-- The data --

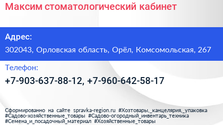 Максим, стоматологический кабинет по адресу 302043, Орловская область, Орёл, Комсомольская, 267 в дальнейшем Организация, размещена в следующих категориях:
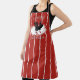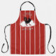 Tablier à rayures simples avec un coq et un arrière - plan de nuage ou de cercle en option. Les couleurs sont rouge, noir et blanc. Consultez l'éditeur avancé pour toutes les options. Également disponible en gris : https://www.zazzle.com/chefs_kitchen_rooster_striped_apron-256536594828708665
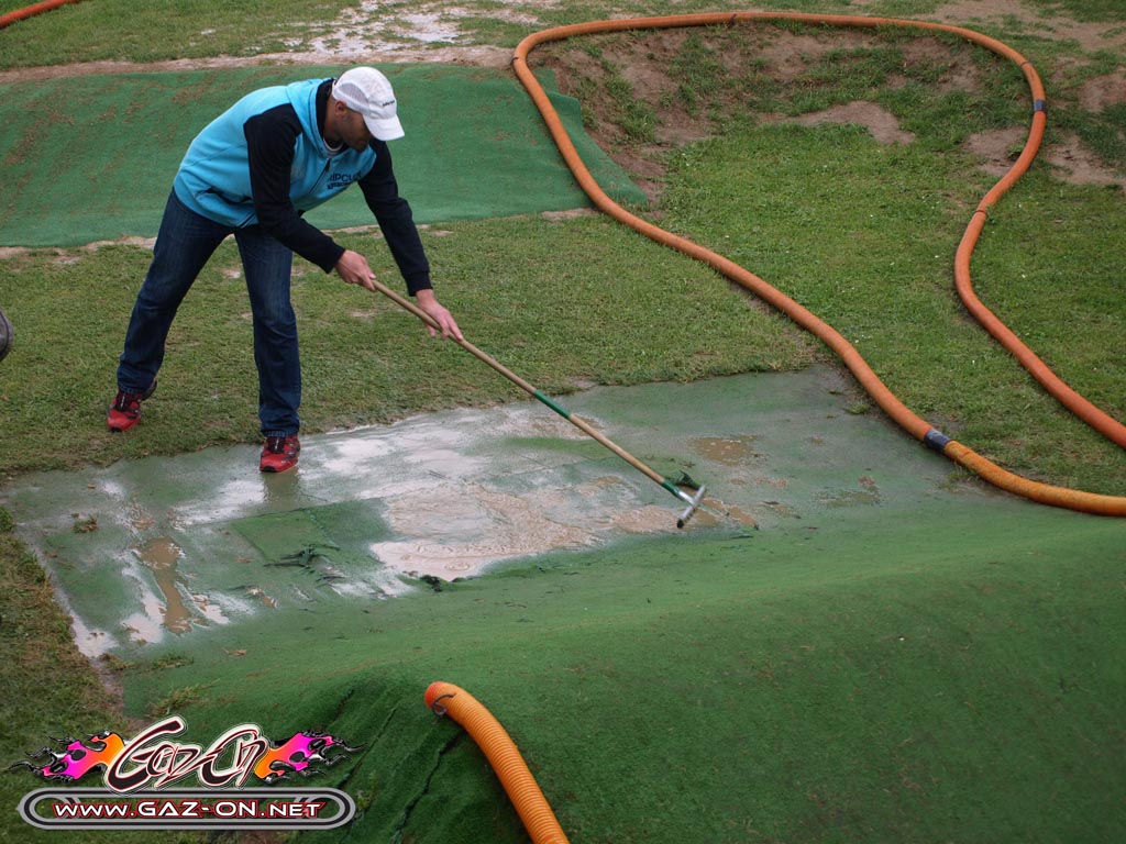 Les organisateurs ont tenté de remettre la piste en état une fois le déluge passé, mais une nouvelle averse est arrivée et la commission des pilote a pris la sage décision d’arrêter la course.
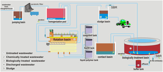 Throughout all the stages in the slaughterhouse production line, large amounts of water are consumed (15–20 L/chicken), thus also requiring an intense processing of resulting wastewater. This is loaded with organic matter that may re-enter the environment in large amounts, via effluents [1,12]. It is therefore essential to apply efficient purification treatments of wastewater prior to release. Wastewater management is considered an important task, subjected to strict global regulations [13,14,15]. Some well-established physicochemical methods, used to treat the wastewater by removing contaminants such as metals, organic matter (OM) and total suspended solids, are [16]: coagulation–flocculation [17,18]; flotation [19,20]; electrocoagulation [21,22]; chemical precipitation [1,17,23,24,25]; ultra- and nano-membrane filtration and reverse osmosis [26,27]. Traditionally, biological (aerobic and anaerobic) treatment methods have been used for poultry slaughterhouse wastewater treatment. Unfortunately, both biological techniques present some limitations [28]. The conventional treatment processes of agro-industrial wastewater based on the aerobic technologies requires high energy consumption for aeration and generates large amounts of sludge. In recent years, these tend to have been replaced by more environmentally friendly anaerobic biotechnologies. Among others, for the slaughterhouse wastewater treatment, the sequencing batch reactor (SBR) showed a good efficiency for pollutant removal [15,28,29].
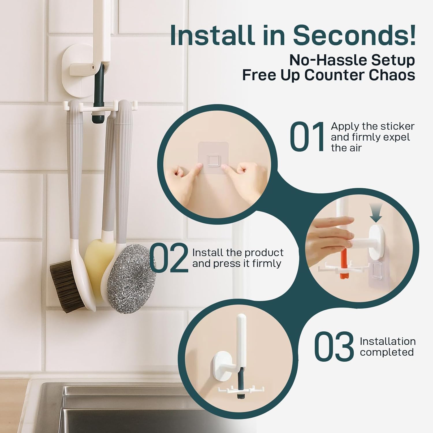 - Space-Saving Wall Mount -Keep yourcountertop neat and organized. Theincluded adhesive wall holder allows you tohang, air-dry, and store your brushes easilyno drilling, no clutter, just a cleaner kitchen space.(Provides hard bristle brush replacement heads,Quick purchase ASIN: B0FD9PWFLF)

-- Task goal --
Begin at the first line of the material and copy each line exactly through the one containing "Throughout all the". Omit pictures.

-- Task solution --
 Максим, стоматологический кабинет по адресу 302043, Орловская область, Орёл, Комсомольская, 267 в дальнейшем Организация, размещена в следующих категориях:
 Tablier à rayures simples avec un coq et un arrière - plan de nuage ou de cercle en option. Les couleurs sont rouge, noir et blanc. Consultez l'éditeur avancé pour toutes les options. Également disponible en gris : https://www.zazzle.com/chefs_kitchen_rooster_striped_apron-256536594828708665
 Les organisateurs ont tenté de remettre la piste en état une fois le déluge passé, mais une nouvelle averse est arrivée et la commission des pilote a pris la sage décision d’arrêter la course.
 Throughout all the stages in the slaughterhouse production line, large amounts of water are consumed (15–20 L/chicken), thus also requiring an intense processing of resulting wastewater. This is loaded with organic matter that may re-enter the environment in large amounts, via effluents [1,12]. It is therefore essential to apply efficient purification treatments of wastewater prior to release. Wastewater management is considered an important task, subjected to strict global regulations [13,14,15]. Some well-established physicochemical methods, used to treat the wastewater by removing contaminants such as metals, organic matter (OM) and total suspended solids, are [16]: coagulation–flocculation [17,18]; flotation [19,20]; electrocoagulation [21,22]; chemical precipitation [1,17,23,24,25]; ultra- and nano-membrane filtration and reverse osmosis [26,27]. Traditionally, biological (aerobic and anaerobic) treatment methods have been used for poultry slaughterhouse wastewater treatment. Unfortunately, both biological techniques present some limitations [28]. The conventional treatment processes of agro-industrial wastewater based on the aerobic technologies requires high energy consumption for aeration and generates large amounts of sludge. In recent years, these tend to have been replaced by more environmentally friendly anaerobic biotechnologies. Among others, for the slaughterhouse wastewater treatment, the sequencing batch reactor (SBR) showed a good efficiency for pollutant removal [15,28,29].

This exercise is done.